Requirements and Signs of Deficiency

As for most other micronutrients, the requirement of niacin to prevent or reverse the clinical deficiency signs is not known very precisely, and probably depends on ancillary dietary deficiencies or other insults occurring in natural human populations. For the purpose of estimating niacin requirements for dietary reference values, the criterion of restoration of urinary excretion of NMN during controlled human depletion-repletion studies has been selected, and on this basis, the average adult requirement has been estimated as 5.5 mg (45 mmol) of niacin equivalents per 1000 kcal (4200 kJ). Adding a 20% allowance for individual variation this needs to be increased to 6.6 mg (54 mmol) per 1000 kcal, (4200 kJ), which is the current reference nutrient intake (UK). Niacin requirements were, by convention, expressed as a ratio to energy expenditure. For subjects with very low energy intakes, the daily intake of niacin equivalents should not fall below 13 mg, however. If dietary protein levels and quality are high, it is possible for tryptophan alone to provide the daily requirement for niacin equivalents. Dietary niacin deficiency is now rare in most Western countries.

The appearance of severe niacin deficiency as endemic pellagra, especially in North America in the nineteenth and early twentieth centuries, has been ascribed to the very poor availability of bound forms of niacin (in niacytin, a polysacchar-ide/glycopeptide/polypeptide-bound form, which is 90% indigestible), together with the relatively low content of tryptophan occurring in grains (see Table 1). However, the lack of available niacin and tryptophan may not have been the whole story, since coexisting deficiencies or imbalances of other nutrients, including riboflavin, may also have contributed to this endemic disease. It appears also that the choice of cooking methods may have been critical, since the Mexican custom of cooking maize with lime in the preparation of tortillas helps to release the bound niacin from its carbohydrate complex and to increase the bioavailability of trypto-phan-containing proteins, and thus to reduce the prevalence of clinical deficiency disease. In parts of India, pellagra has been encountered in communities whose main staple is a form of millet known as 'jowar', which is rich in leucine. It was proposed, and evidence was obtained from animal and in vitro studies, that high intakes of leucine can increase the requirements for niacin. However, other evidence is conflicting (this interaction is not fully understood). In parts of South Africa, iron overload has been reported to complicate the metabolic effects of low niacin intakes.

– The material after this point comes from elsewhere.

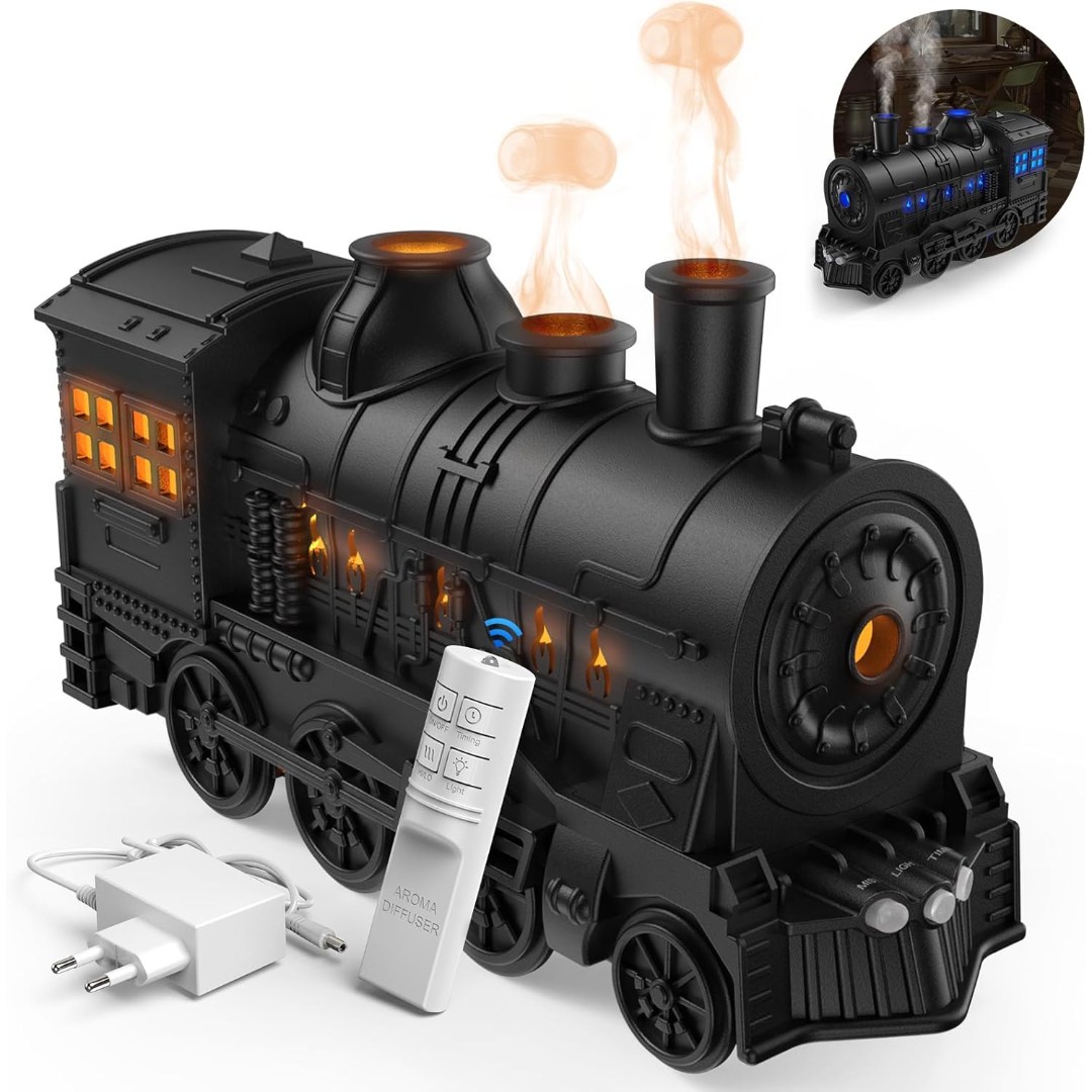 Vintage Train-Inspired Design: A delightful 300ml diffuser styled like a classic train engine, blending nostalgia and charm into your home, office, or bedroom décor.

The average content of niacin in human breast milk is 8 mg (65.6 mmol) per 1000 kcal (4200 kJ), and this is the basis for the recommendations (and dietary reference values) for infants up to 6 months. In the UK, the Reference Nutrient Intake niacin increment during pregnancy is nil, and during lactation it is 2 mg per day.

The most characteristic clinical signs of severe niacin deficiency in humans are dermatosis (hyper-pigmentation, hyperkeratosis, desquamation - especially where exposed to the sun), anorexia, achlorhydria, diarrhea, angular stomatitis, cheilosis, magenta tongue, anemia, and neuropathy (headache, dizziness, tremor, neurosis, apathy). In addition to the pellagra caused by dietary deficiency or imbalance, there are also reports of disturbed niacin metabolism associated with phenylketonuria, acute intermittent porphyria, diabetes mellitus, some types of cancer (carcinoid syndrome), thyrotoxicosis, fever, stress, tissue repair, renal disease, iron overload, etc. The picture in other species is not radically different; however, deficient dogs and cats typically exhibit 'black tongue' (pustules in the mouth, excessive salivation) and bloody diarrhea, pigs exhibit neurological lesions affecting the ganglion cells, rats exhibit damage to the peripheral nerves (cells and axons), and fowl exhibit inflammation of the upper gastrointestinal tract, dermatitis, diarrhea, and damage to the feathers. All species exhibit reduction of appetite and loss of weight; however, it is of interest that the skin lesions seen in humans are rare in most other species.